Spanish Regions are Committed to Budget Cuts, Montoro Says

A majority of Spanish regions pledged to meet this year’s budget-deficit target after last year’s slippage contributed to the nation missing its total goal agreed to with the European Union.

“All Spanish public administrations are committed to reducing the public deficit,” Budget Minister Cristobal Montoro said at a press conference in Madrid today after meeting with the 17 semi-autonomous regional governments.

A majority of 14 regions agreed to respect a deficit target of 1.5 percent of gross domestic product for 2012, according to Montoro. He said the government has the means to force Andalusia, which voted against, as well as Catalonia and the Canary Islands, which didn’t vote, to comply.

Prime Minister Mariano Rajoy’s People’s Party government increased Spain’s total deficit target for 2012 to 5.8 percent of GDP from 4.4 percent on March 2 after failing to rein in the euro area’s fourth-biggest shortfall last year and as the nation risks its second recession since 2009.
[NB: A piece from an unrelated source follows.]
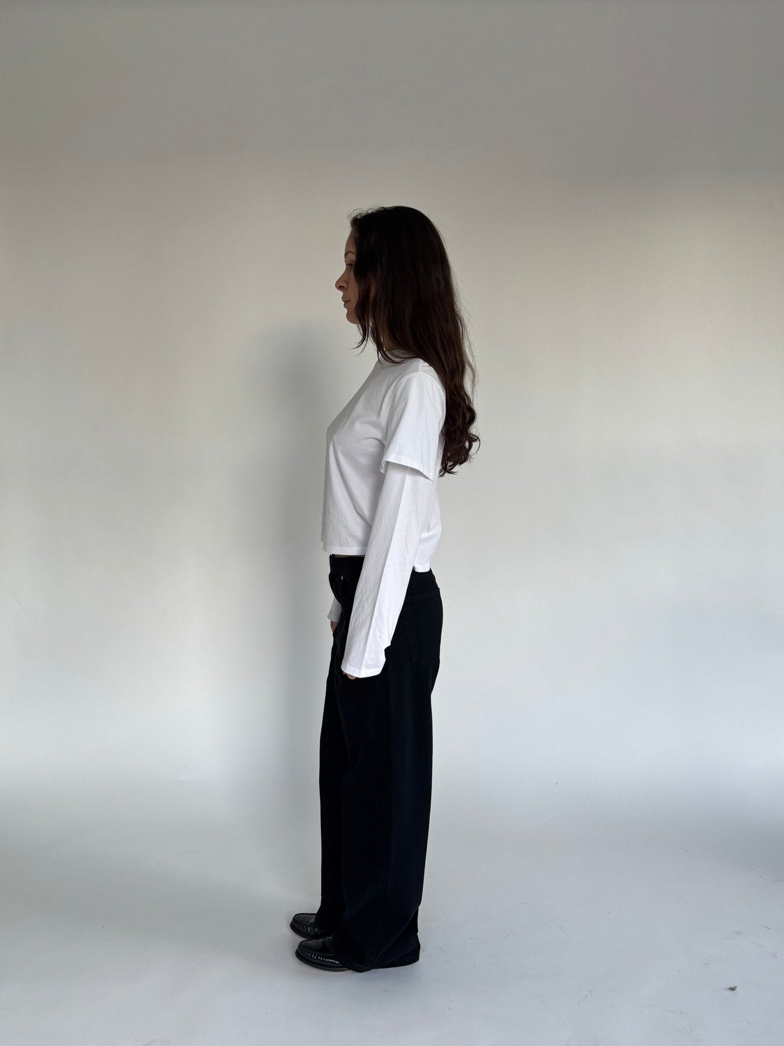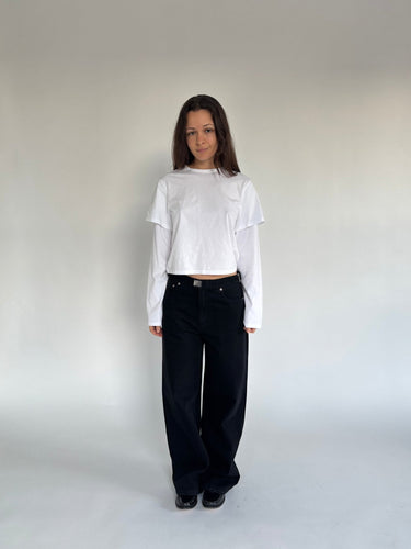 The Buckle Jean is a relaxed leg, subtle drop-crotch jean. It features our custom chrome buckle hardware and adjustable waistband side fasteners, allowing it to be worn as both a mid or low-rise jean.

Spain’s regions control over a third of public spending including health and education and their deficit was nearly twice their target last year at 2.9 percent of GDP, pushing the nation’s total shortfall to 8.5 percent. That was above the 6 percent EU limit for 2011.

‘Correcting Deficits’

“No one should be lazy when it comes to correcting deficits because it means sending the wrong message to everyone, to the citizens of each region and to the investors funding it,” Montoro said.

The central government’s own 2012 budget due on March 30 will be “very austere” and it will be “a reference” for all regions to follow suit and reduce their own budgets, Montoro said.

Montoro said the budget stability law approved by the government this month enables it to pressure all regions to comply with deficit reduction goals. He also reiterated that no region would receive help to face unpaid bills to suppliers unless its budget plan was approved by the central government.

Catalonia, Spain’s largest region with an economy the size of Portugal’s, plans a deficit of 1.3 percent of GDP this year, even as it has criticized the larger effort the regions have to make this year compared with the central government.

Andalusia, the southern region that includes the city of Seville, is the only Socialist-governed region left in Spain and the People’s Party is battling to win it in an election this month.